I just get stuck with this kind of simple problem. Such a novice i am.
Could you help me guys.:$
I try to built the code and for the first procedure i should open first the file. The file which i should opened its depend on the input i gave. Compiling it's OK. But It's not working.
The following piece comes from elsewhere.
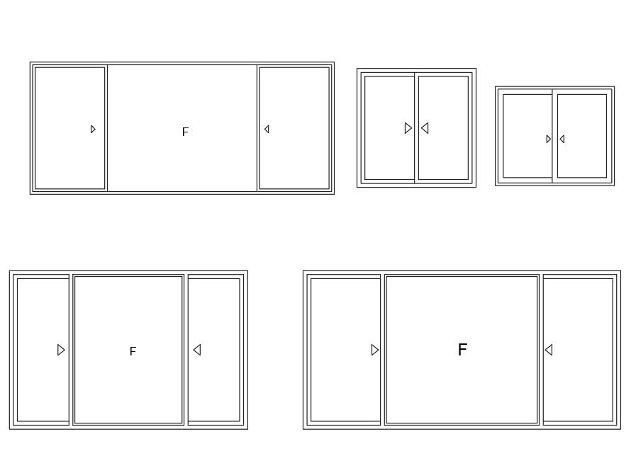 AutoCAD blocks drawing of sliding window front elevation design that shows in different size. download in free DWG file and use this CAD blocks for your suitable project window sliding.

There no sign at all.
Here the code. (i am also attach kind of file i should open in this code)
#include <stdio.h>
#include <io.h>
#include <stdlib.h>
#include <string.h>
main()
{
FILE *finput, *fopen();
int i;
char pfile[80];
printf ("Type number of input (between 1 to 3): ");
scanf ("%i", i);
if (i = 1)
pfile == "pf1";
else if (i = 2)
pfile == "pf2";
else if (i = 3)
pfile == "pf3";
else
{printf ("Invalid Input, the number should between 1 to 3!!!");}
finput = fopen(pfile, "r");
if(finput==NULL) {printf("Error: can't open the file.txt\n");return 2;}
else {printf("File opened successfully.\n");}
fclose(finput);
system("pause");
return(0);
}
Well do you know what exactly you are doing or what you want to do ?
FILE *fopen(); // Why this ?
And what are you expecting the computer to display when you are just opening the file and closing it ?
finput = fopen(pfile, "r");
if(finput==NULL) {printf("Error: can't open the file.txt\n");return 2;}
else {printf("File opened successfully.\n");}
fclose(finput);
And why so much complexity?char pfile[80];
printf ("Type number of input (between 1 to 3): ");
scanf ("%i", i); // Error here in scaning (no &)
if (i = 1)
pfile == "pf1";
else if (i = 2)
pfile == "pf2";
else if (i = 3)
pfile == "pf3";
else
{printf ("Invalid Input, the number should between 1 to 3!!!");}
finput = fopen(pfile, "r");
The complete thing above can be done just by:
char pfile[80];
printf ("Type number of input (between 1 to 3): ");
scanf ("%i",&i);
sprintf(pfile,"pf%d",i);
finput=fopen(pfile,"r");